Important to note here, the status quo is the status quo for a reason. Incremental evidence based change happens slowly. It cannot happen fast, and that's good. Slow is stable. The clear vision is "the system we have but marginally better tomorrow. And then the day after tomorrow, marginally better than that." It's foolish to vote for anyone who promises drastic change, left, right, up, or down. It's a trick. It's like changing 5 variables at once in a science experiment and expecting any sort of result better than random chance. We don't have a perfect system but rolling the dice on a wannabe fascist dictator is obviously not the way forward if you have two brain cells to run together, but an alarming amount of people seem to just not get it.

[–] ECB 21 points 5 hours ago (1 children)

Just look at history though and you'll see that most significant changes (both bad and good) happen abruptly and it's often a bit messy.

Unfortunately it's just the way that humans work

[–] Skiluros@sh.itjust.works 9 points 4 hours ago

Exactly. It's like the (apocryphal?) quote.

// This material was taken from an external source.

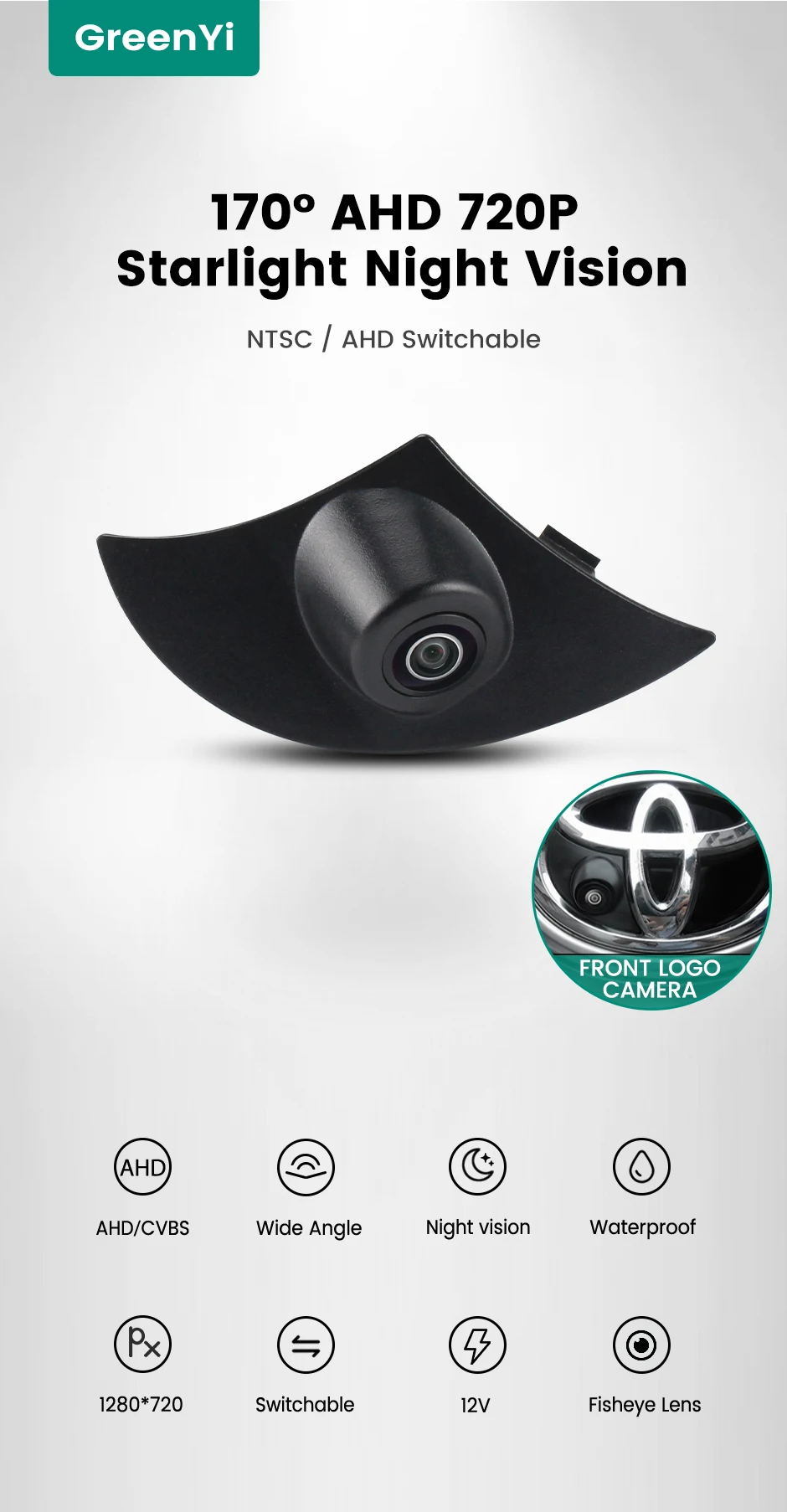 GreenYi 170 AHD 720P Автомобильная камера переднего вида для Toyota RAV4 COROLLA Reiz Vios Highlander Prado2700 40002010 HD камера с логотипом

There are decades where nothing happens; and there are weeks where decades happen.

[–] Deceptichum@quokk.au 7 points 4 hours ago

That does not reflect history at all. Changes are often big, sudden, and violent. They may simmer for years before hand but they go off fast.

[–] killingspark 11 points 5 hours ago

That's only helpful if you feel like there have actually been improvements over the last few years/decades.

A lot of people feel like crime is constantly rising, morals in general are not being valued anymore and that the economy is constantly in decline. Mixed with a widespread believe that most politicians are bought anyways.

These feelings aren't rooted in facts but they are there and they make it difficult to simultaneously believe in gradual improvement.